Just as the title says, I heard about this term but am not sure how it works.
Normally, temperature broadly decreases with altitude, and convection is effective: locally warmer air will rise, and cooler air will fall. A temperature inversion is where the air temperature rises with altitude. This means that convection is less effective because the air above is already warmer, and so there is less mixing of air between altitudes.
Since pollution is generally produced at ground level, temperature inversions can trap the pollution (e.g. smog) at ground level.
As others have noted, a temperature inversion is a layer where temperature increases with height. This is called an inversion because the normal temperature profile decreases with height.
A temperature inversion can trap pollution. Factors that influence this are the environmental temperature profile, the height of the chimneys or smokestacks that expel pollution and the temperature of the pollutants as they leave the smokestacks.
If the temperature of the air coming from the smokestacks is warmer than its surrounding and the lofted pollutants aren't too heavy, the air will be buoyant and rise.

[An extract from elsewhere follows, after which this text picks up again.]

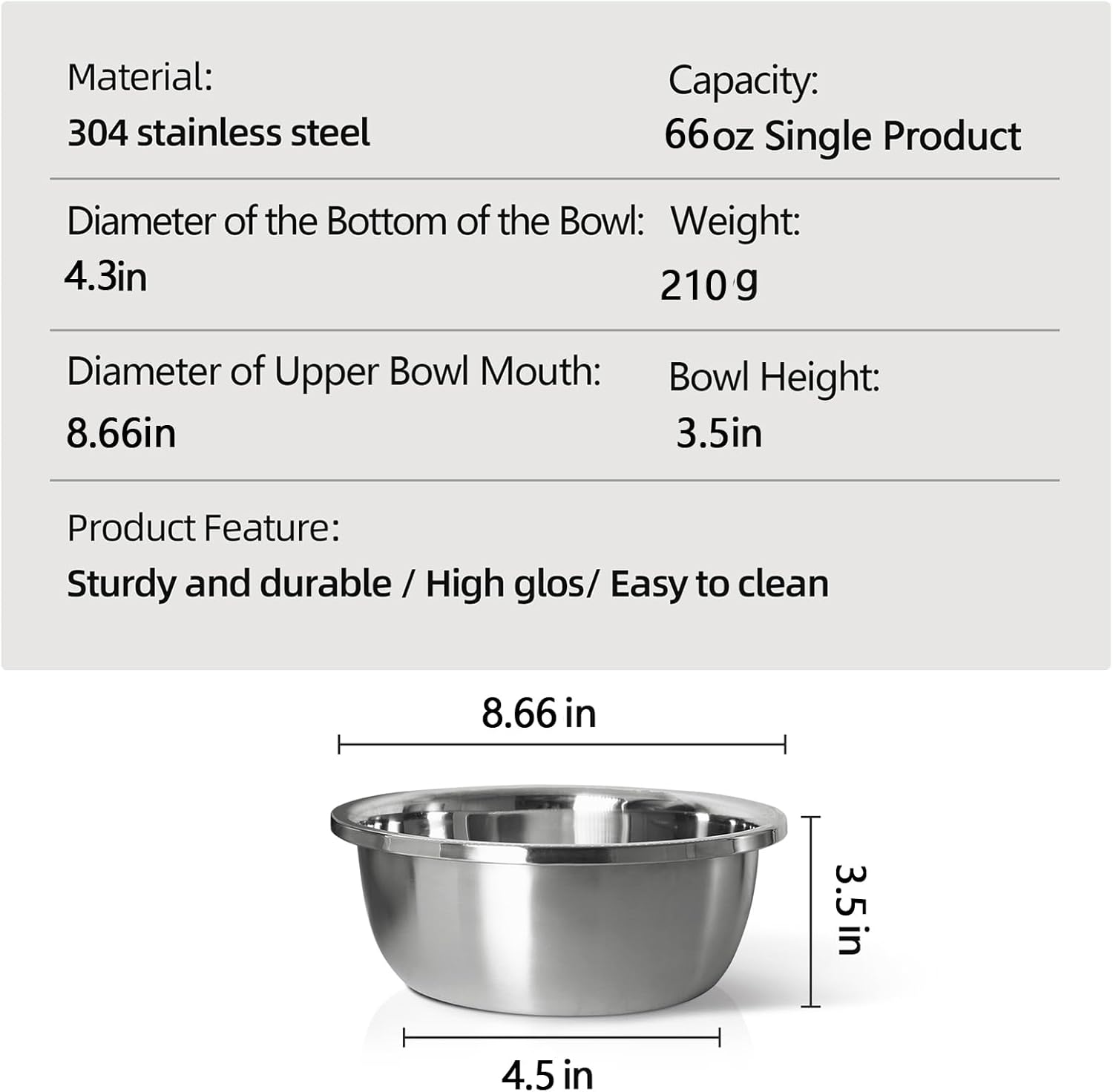 - STABLE AND SMOOTH: The pet food bowl is mirror polished for an elegant look and smooth touch. The flat edges won't hurt your dog's tongue, rust-resistant and easy to clean.
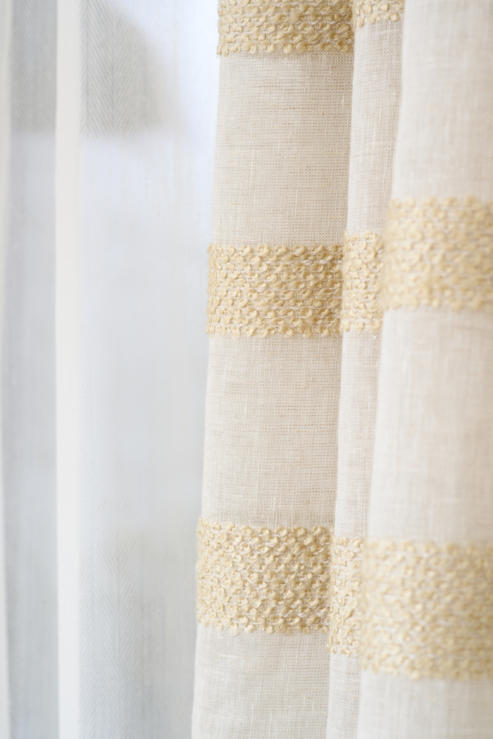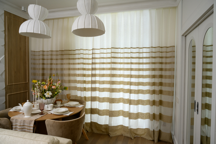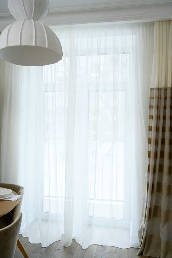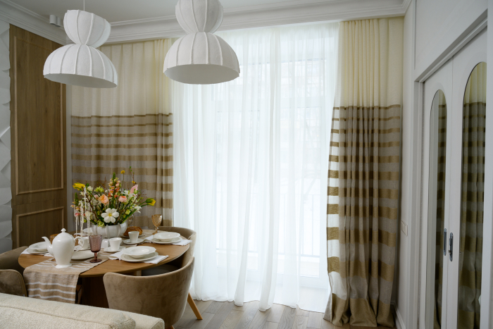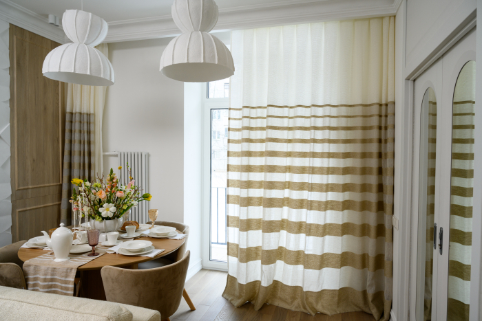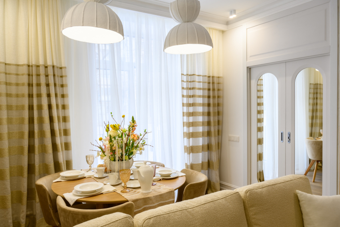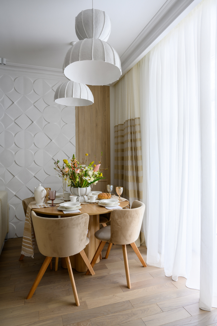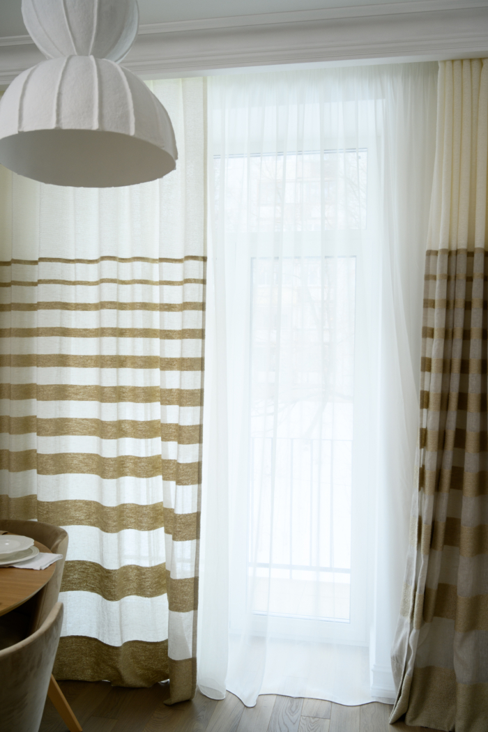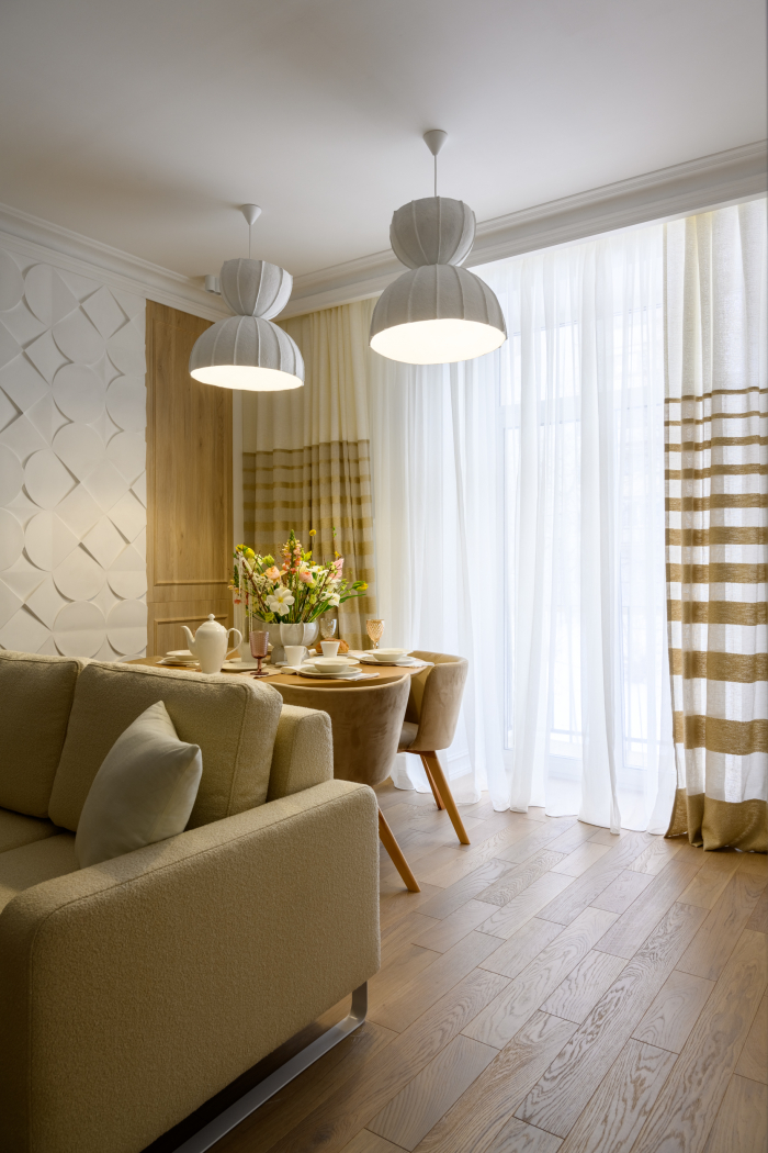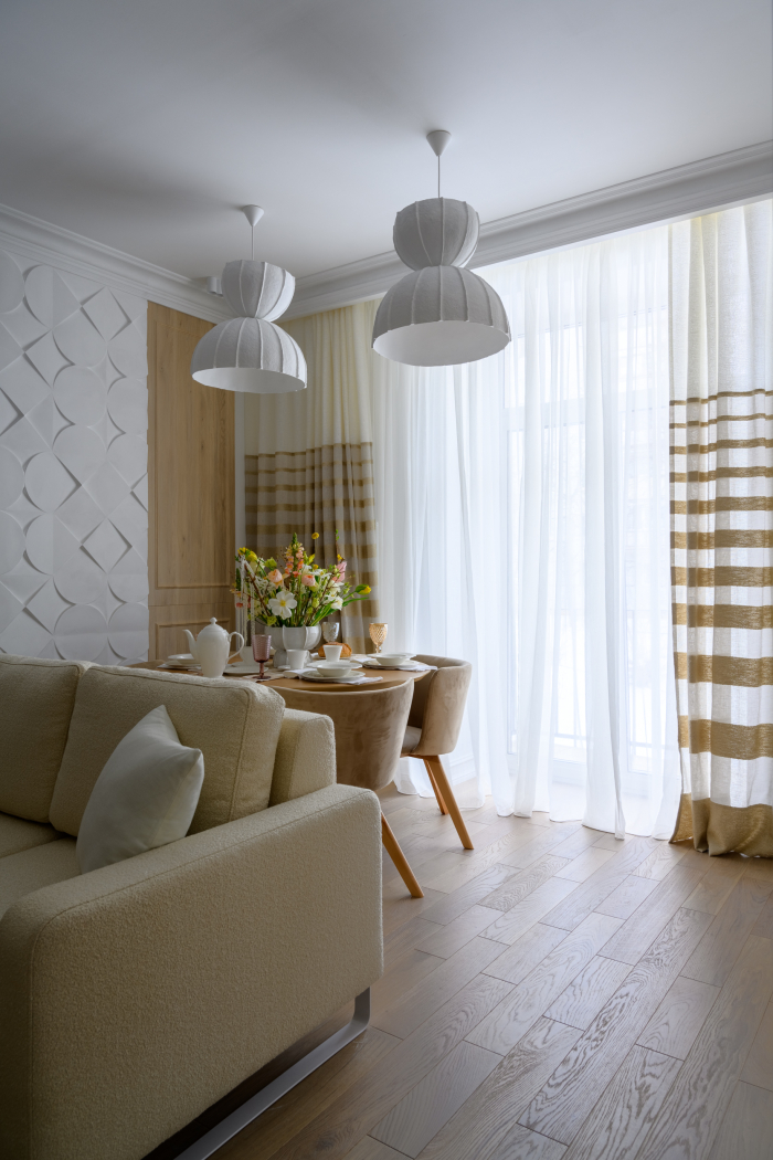 В новом проекте «Квартирного вопроса» дизайнер Лидия Чернова оформляла кухню-гостиную. Основной упор был сделан на функциональность и семейный уют пространства, палитру интерьера поддержал текстиль: для портьер была выбрана купонная ткань натурального льняного оттенка Dock (228/21) из коллекции Helsinki и фактурная ткань с декоративными нитями Snow (232/12) из того же каталога.

Even in the case of heavy pollutants, those heavy particles tend to fall to the ground near the smokestacks, polluting the ground environment while the rest of the stuff coming out of the stacks rises. This is particularly evident around a coal stack in the winter as the snow steadily turns orange near the stacks. The lofted pollutants will rise with the air they are carried by until they are no longer buoyant and then they will stabilize in height where they find equilibrium.
To demonstrate, consider the following two scenarios.
This scenario has an environmental temperature profile based on a surface temperature of 20 C, a dewpoint around 8 C, no capping inversion and a well mixed boundary layer. The black line represents the temperature a parcel lifted from the surface would have. The pollutants are being emitted from a smokestack with a height around 300 m with a temperature around 22 C. I've also assumed no water vapor coming out of the smokestacks. In this case the air from the smokestack (red) is always warmer than the environment and it escapes the boundary layer and rises well above the surface. This pollution is not trapped.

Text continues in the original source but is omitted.